Work order. Using the material below, repeat exactly the lines from the one with "此外,黄金或通胀调整后,美国" through the one with "本网讯 11月20日,在肇庆", ends included, without any images.

Available records.

——

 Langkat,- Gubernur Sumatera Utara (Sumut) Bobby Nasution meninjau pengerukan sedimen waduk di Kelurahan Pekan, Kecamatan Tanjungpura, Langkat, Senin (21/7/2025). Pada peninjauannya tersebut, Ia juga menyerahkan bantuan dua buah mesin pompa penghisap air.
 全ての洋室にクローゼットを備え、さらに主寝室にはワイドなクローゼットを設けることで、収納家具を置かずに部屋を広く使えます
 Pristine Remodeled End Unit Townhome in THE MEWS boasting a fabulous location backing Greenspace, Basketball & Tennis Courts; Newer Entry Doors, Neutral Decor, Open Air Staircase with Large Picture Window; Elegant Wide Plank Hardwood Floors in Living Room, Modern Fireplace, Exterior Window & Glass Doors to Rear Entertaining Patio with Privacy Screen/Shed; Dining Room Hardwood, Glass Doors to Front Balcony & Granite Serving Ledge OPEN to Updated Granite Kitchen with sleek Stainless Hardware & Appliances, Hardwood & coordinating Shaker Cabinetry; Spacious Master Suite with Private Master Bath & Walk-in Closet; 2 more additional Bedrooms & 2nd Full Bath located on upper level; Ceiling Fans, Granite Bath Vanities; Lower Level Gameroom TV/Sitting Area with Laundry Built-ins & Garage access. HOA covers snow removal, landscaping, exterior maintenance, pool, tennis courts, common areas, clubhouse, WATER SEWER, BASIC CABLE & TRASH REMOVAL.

——

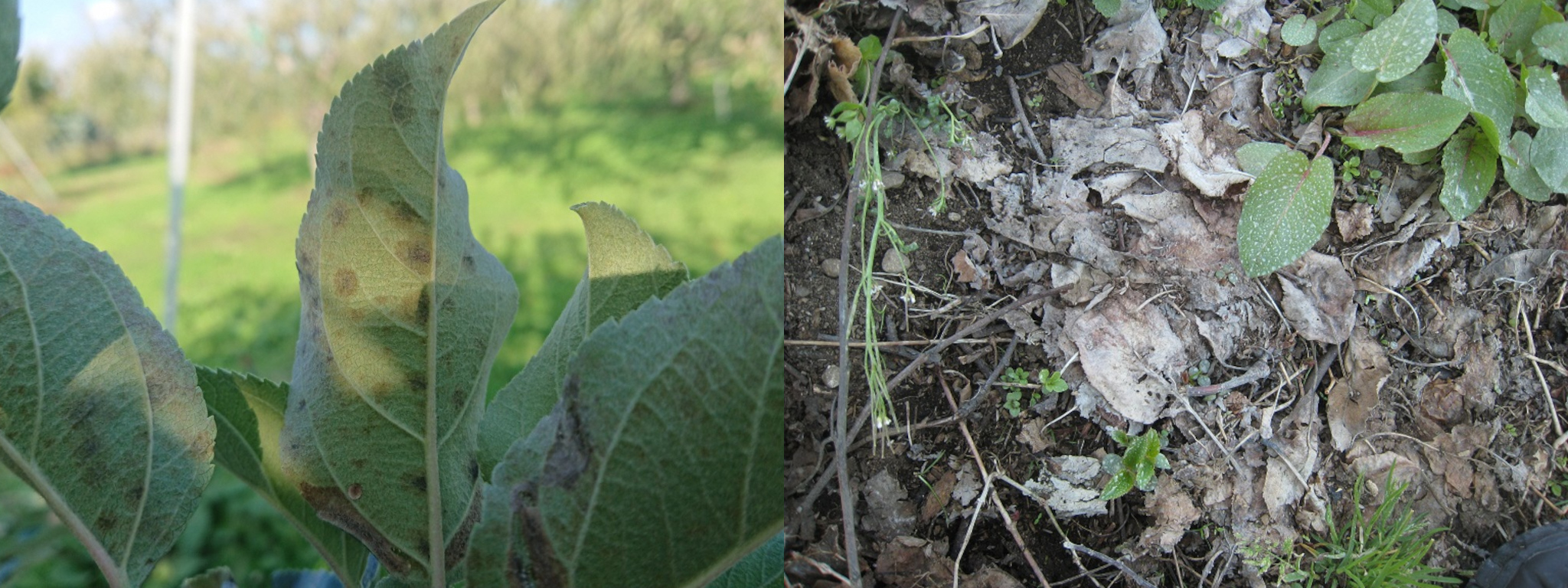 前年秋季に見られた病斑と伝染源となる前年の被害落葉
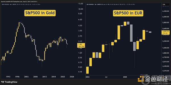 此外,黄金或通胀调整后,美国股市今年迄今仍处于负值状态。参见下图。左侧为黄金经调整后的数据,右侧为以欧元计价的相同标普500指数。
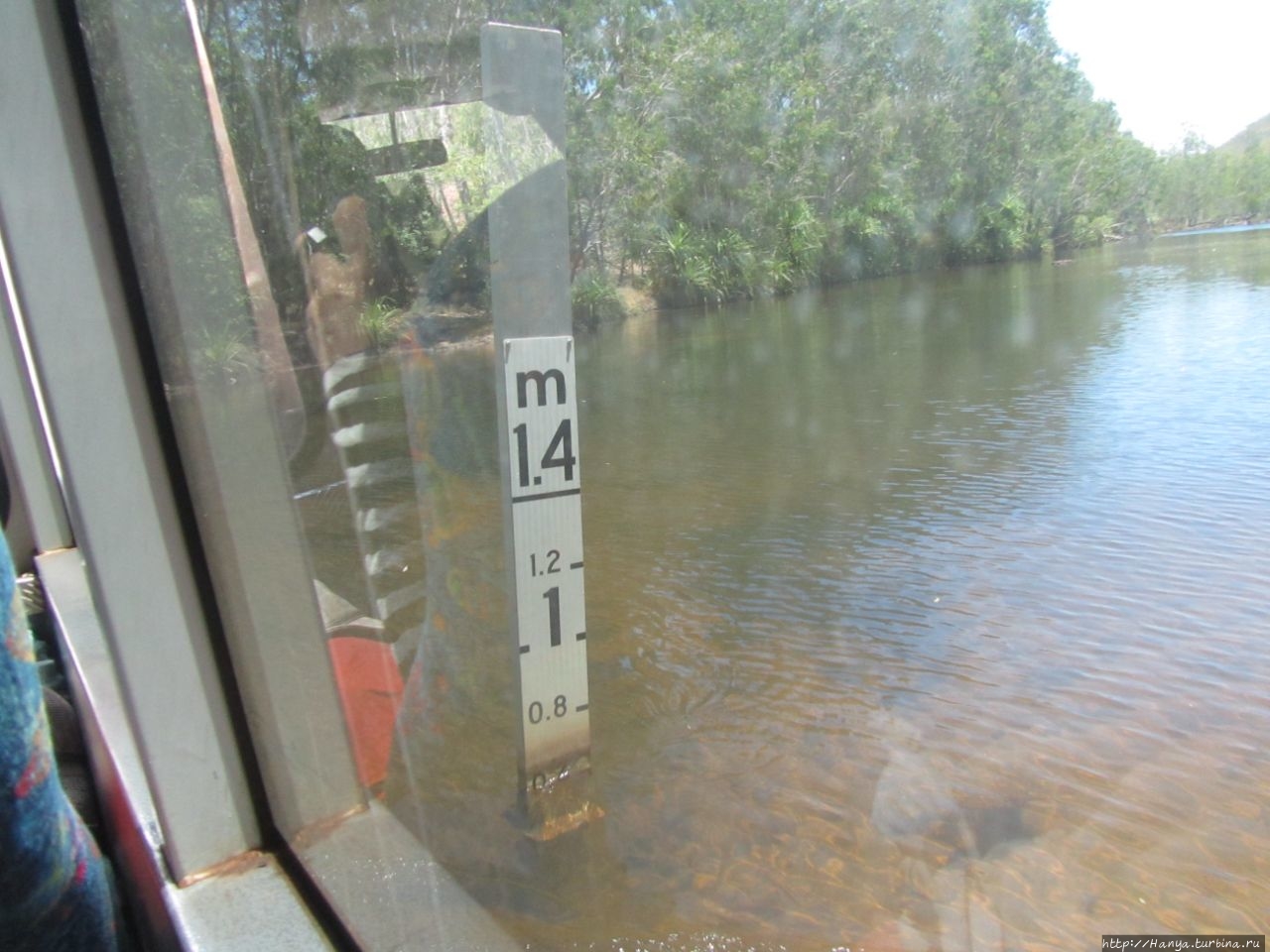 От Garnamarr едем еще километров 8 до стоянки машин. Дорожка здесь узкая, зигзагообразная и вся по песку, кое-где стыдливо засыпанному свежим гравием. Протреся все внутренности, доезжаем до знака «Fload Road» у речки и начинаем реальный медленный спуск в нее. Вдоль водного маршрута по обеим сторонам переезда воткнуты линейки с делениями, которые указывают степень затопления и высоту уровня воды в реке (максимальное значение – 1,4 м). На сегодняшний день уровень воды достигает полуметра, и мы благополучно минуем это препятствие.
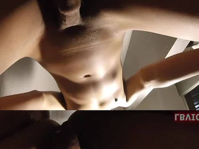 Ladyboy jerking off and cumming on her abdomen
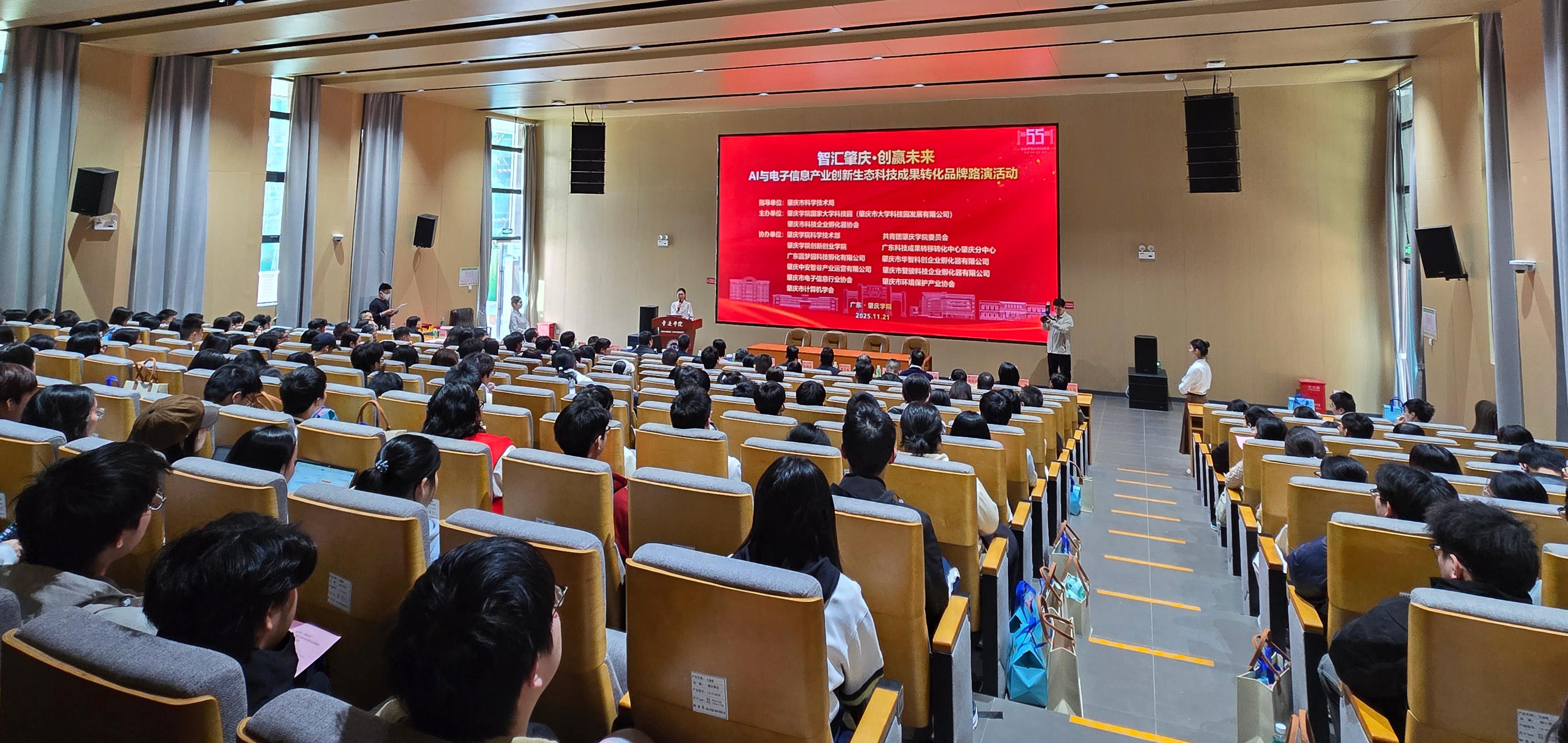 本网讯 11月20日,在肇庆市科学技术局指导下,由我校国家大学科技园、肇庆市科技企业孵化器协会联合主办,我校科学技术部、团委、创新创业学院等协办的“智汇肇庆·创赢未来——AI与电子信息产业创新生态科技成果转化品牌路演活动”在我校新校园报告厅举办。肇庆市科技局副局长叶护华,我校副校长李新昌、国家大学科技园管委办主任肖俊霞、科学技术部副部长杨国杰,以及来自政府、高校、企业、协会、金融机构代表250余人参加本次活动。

——

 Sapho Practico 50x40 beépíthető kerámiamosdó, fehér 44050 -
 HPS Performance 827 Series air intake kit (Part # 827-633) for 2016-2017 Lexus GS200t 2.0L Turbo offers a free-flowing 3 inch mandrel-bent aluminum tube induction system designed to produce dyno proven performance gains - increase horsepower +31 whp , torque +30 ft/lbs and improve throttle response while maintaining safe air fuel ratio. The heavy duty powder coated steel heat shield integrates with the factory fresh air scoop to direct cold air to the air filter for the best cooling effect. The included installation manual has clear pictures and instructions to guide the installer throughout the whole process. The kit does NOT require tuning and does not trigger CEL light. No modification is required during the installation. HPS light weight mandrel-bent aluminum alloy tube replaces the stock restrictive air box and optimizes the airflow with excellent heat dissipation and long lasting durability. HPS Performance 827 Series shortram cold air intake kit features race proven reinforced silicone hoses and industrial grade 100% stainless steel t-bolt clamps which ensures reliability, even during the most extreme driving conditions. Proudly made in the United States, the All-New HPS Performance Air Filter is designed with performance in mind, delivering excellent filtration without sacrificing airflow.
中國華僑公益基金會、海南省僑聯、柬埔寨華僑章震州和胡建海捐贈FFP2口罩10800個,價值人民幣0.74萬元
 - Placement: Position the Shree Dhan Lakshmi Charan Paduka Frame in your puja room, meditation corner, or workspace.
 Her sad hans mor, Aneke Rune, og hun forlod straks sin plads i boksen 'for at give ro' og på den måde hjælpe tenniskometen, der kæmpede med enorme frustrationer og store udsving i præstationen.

——

Response to this task.
 此外,黄金或通胀调整后,美国股市今年迄今仍处于负值状态。参见下图。左侧为黄金经调整后的数据,右侧为以欧元计价的相同标普500指数。
 От Garnamarr едем еще километров 8 до стоянки машин. Дорожка здесь узкая, зигзагообразная и вся по песку, кое-где стыдливо засыпанному свежим гравием. Протреся все внутренности, доезжаем до знака «Fload Road» у речки и начинаем реальный медленный спуск в нее. Вдоль водного маршрута по обеим сторонам переезда воткнуты линейки с делениями, которые указывают степень затопления и высоту уровня воды в реке (максимальное значение – 1,4 м). На сегодняшний день уровень воды достигает полуметра, и мы благополучно минуем это препятствие.
 Ladyboy jerking off and cumming on her abdomen
 本网讯 11月20日,在肇庆市科学技术局指导下,由我校国家大学科技园、肇庆市科技企业孵化器协会联合主办,我校科学技术部、团委、创新创业学院等协办的“智汇肇庆·创赢未来——AI与电子信息产业创新生态科技成果转化品牌路演活动”在我校新校园报告厅举办。肇庆市科技局副局长叶护华,我校副校长李新昌、国家大学科技园管委办主任肖俊霞、科学技术部副部长杨国杰,以及来自政府、高校、企业、协会、金融机构代表250余人参加本次活动。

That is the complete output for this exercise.